# Changing motorhome to Euramobil 770HS



## jasp (May 26, 2005)

Due to our new addition to our family (little boy 9 weeks old), we are trading in our Hymer S700G for a Euramobil 770HS.

The main reason for changing is the interior layout of the Euramobil suits us better with the new baby. We are picking it up tomorrow.

I am just after thoughts/comments on this model. What we have seen of it, it looks as well built as our Hymer.

Jason


----------



## mrbricolage (Jun 30, 2008)

I dont have that paticular model. I would say the build quality is excellent. Not sure where you got it from but I got mine from Oaktree and while they like to have the hardcore sales technique, which in my eye is never a good thing, they have generally been OK. Although a little slow in ordering parts.
If you are going anywhere for servicing RDH Services are highly recommended.

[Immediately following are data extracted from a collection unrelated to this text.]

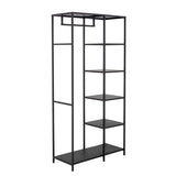 מתלה לבגדים עם מדפים מברזל בצבע שחור
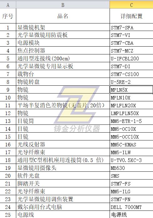 訂購的奧林巴斯測量顯微鏡STM7配置如下:
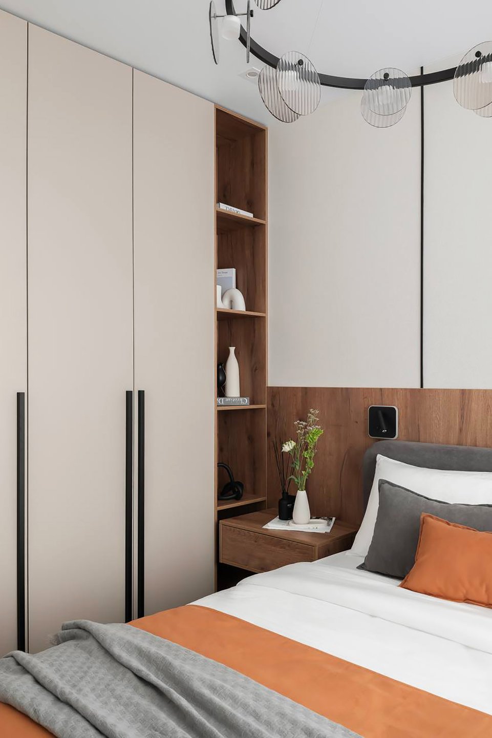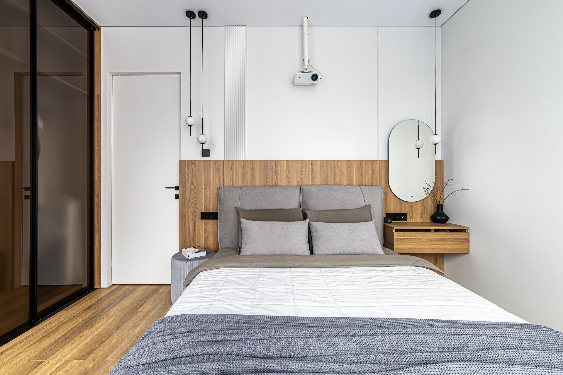 Атмосфера располагает к расслаблению. Доминанта — низкая кровать с лаконичным изголовьем — деревянным или обитым тканью. По сторонам — пара стильных бра или подвесов. Системы хранения обычно скрыты либо подобраны в цвет отделки стен.
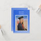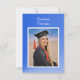 A unique card with a modern blue, gradient color scheme. Similar blue background on the back of the card containing invitation details. Suitable for a high school or college graduation. The smaller size allows you to enclose the card with you graduation announcement -- send it only to those you wish to invite to the party. The photo and all text are easily changed with the template. NOTE: there are online sources that allow you to create a free graduation website. Just do a search for it and choose the one you want. Selecting “Personalize this design” offers you several edit options to easily change the text (wording, plus type font, color, size, position) and to edit the design elements. You may also want to scroll down to the section “Transfer design to a product” for a few suggestions about other items this design can be used on.
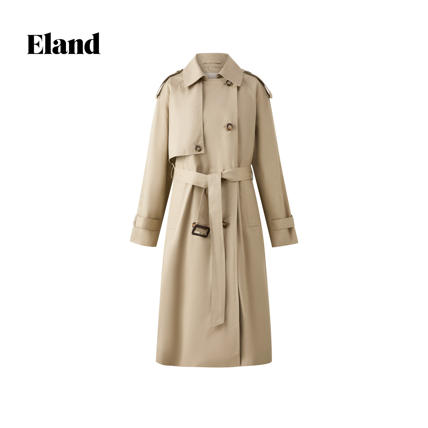 通勤外套2026夏季 Eland衣恋风衣女翻领合身长袖 新款 100%棉
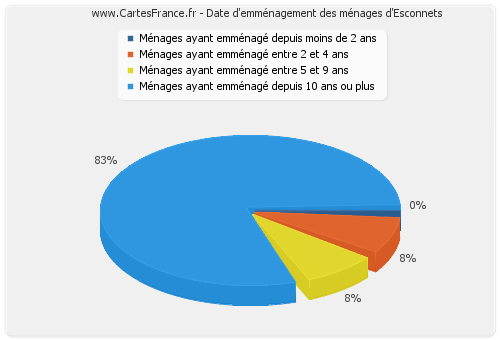 - Nombre de ménages d'Esconnets ayant emménagé depuis moins de 2 ans : 0
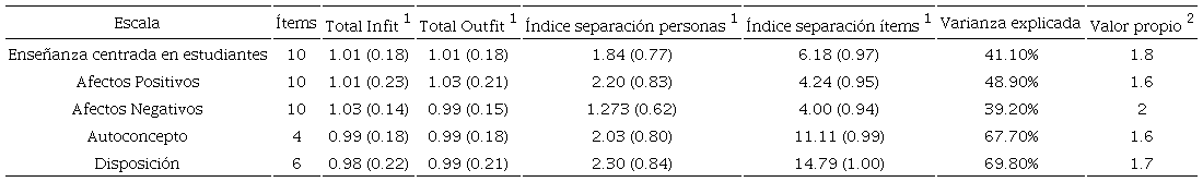 Usando el análisis Rasch para las distintas mediciones construidas permite verificar la validez de utilizar medidas unidimensionales para las escalas de percepción sobre las prácticas de enseñanza centradas en estudiantes, afectos positivos, autoconcepto y disposición hacia las matemáticas utilizando los criterios definidos: estas cuatro escalas muestran indicadores de confiabilidad adecuados (separación de ítemes y confiabilidad de personas), sin ítemes que no se ajusten al modelo y sin antecedentes que indiquen la existencia de más dimensiones (Ver Tabla IV).

Also if you need anything from Euramobil their customer service department is excellent.


----------



## biggles777 (Jan 18, 2006)

Very happy with my Eura Mobil so far . I got it from Oaktree as well and agree with comments of previous post . Hope you enjoy your new acquisition . What did go wrong is the ducato bit , alternator and battery failure but both fixed under warranty by our local fiat commercial vehicle people .


----------